DATA FOR THIS EXERCISE:
##############################

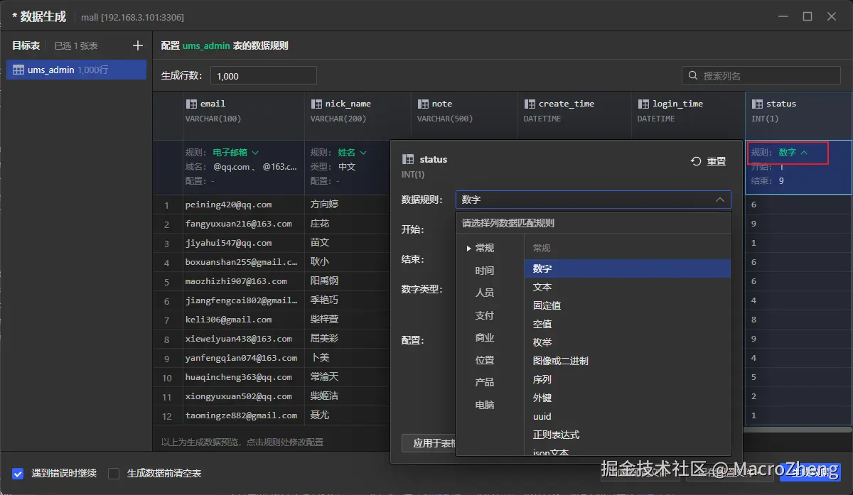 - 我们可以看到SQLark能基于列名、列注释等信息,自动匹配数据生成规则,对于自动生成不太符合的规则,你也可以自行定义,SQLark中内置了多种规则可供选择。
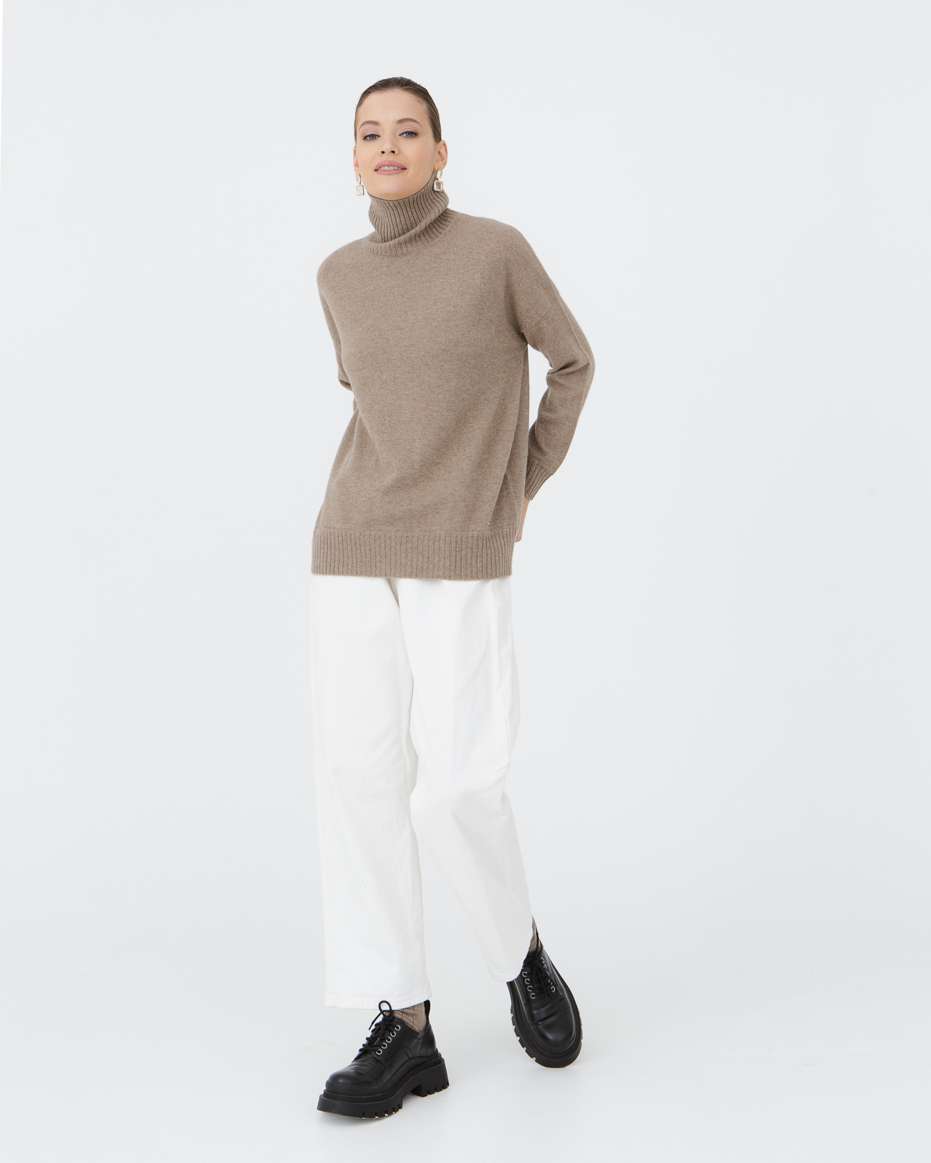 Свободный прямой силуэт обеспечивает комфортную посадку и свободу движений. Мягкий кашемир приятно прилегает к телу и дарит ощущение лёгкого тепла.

##############################

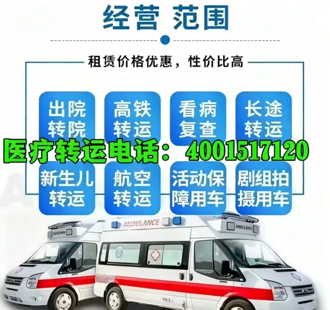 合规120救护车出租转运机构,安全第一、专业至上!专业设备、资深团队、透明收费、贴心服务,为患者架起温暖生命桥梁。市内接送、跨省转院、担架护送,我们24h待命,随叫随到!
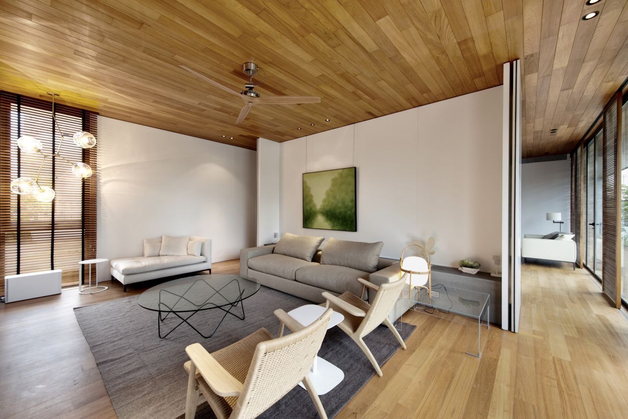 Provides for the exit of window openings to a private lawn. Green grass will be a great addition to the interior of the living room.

##############################

WHAT YOU HAVE TO DO: Start with the line above containing "- 我们可以看到SQLark" and end with the line containing "Свободный прямой силуэт". Set down that stretch exactly, without any pictures.

WRITTEN RESPONSE:
 - 我们可以看到SQLark能基于列名、列注释等信息,自动匹配数据生成规则,对于自动生成不太符合的规则,你也可以自行定义,SQLark中内置了多种规则可供选择。
 Свободный прямой силуэт обеспечивает комфортную посадку и свободу движений. Мягкий кашемир приятно прилегает к телу и дарит ощущение лёгкого тепла.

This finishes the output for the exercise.